Em 2020, mais de 136 mil trabalhadores com vínculos precários perderam o emprego, 67 mil dos quais mulheres, a maioria das quais sem ter acesso a subsídio de desemprego, refere um estudo da CGTP-IN.

CréditosJosé Coelho / Lusa

De acordo com um estudo elaborado pelo Gabinete de Estudos Sociais da CGTP-IN, com base em dados do INE, no ano passado foram destruídos cerca de 100 mil postos de trabalho, em termos líquidos, o que corresponde a um recuo anual de 2%, interrompendo o crescimento que se verificava há seis anos.

Para a central sindical esta é a prova de que «as medidas que o Governo implementou como resposta à Covid-19 não foram suficientes nem adequadas para evitar a destruição do emprego e o aumento do desemprego».

«Não só não proibiram os despedimentos, como reduziram os salários e rendimentos a mais de um milhão e quatrocentos mil trabalhadores em todo o País (...), com repercussões na economia e na sociedade, somando crise à crise», lê-se no documento.

Segundo a análise, os trabalhadores com vínculos precários foram os primeiros a ser despedidos. No entanto, o trabalho precário voltou a aumentar no segundo semestre do ano passado, embora não retomando o nível anterior à pandemia, «devido ao crescimento do falso trabalho independente e de outras formas ainda mais precárias que o contrato a termo».

«No 4.º trimestre de 2020 a precariedade medida através dos dados do INE (que subavaliam o seu número real) atingia 710,4 mil trabalhadores, sendo mais de metade mulheres (384 mil)», salientou o estudo.

Entre as jovens dos 15 aos 34 anos os vínculos não permanentes ultrapassam os 36%, sendo de 65% entre as menores de 25 anos e perto de 30% no grupo dos 25 aos 34 anos.

Segundo o estudo, além da instabilidade laboral, com repercussões também na vida pessoal e familiar, os vínculos precários têm como consequência salários 20% a 30% mais baixos que os dos trabalhadores com vínculos permanentes.

De acordo com a CGTP-IN, em 2020 o desemprego real atingiu quase 600 mil trabalhadores, tendo aumentado em mais de 68 mil face a 2019.

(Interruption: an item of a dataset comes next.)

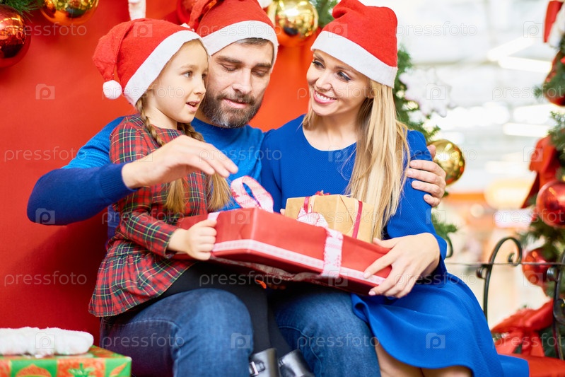Любящая семья с рождественскими подарками в торговом центре
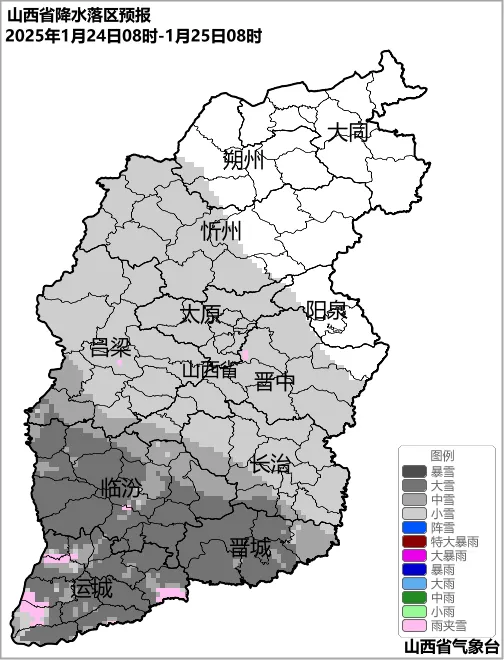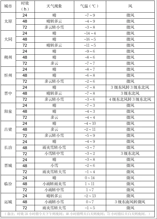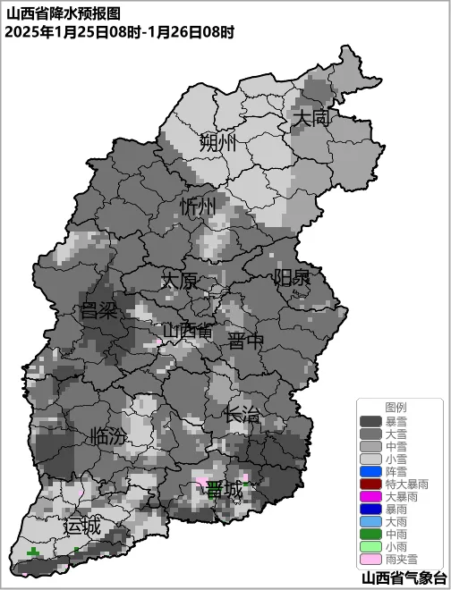 全省阴天,大部分地区有中到大雪,忻州西部、吕梁、晋中的局部和临汾、运城、长治、晋城的部分地区有暴雪。

A Intersindical salientou ainda que «a maioria das mulheres desempregadas não tem acesso a prestações de desemprego», dado que pouco mais de um terço o consegue. Além disso «os valores auferidos são, em média, muito baixos», sendo de 503 euros em 2020, ou seja, abaixo do limiar da pobreza, que era de 540 euros em 2019.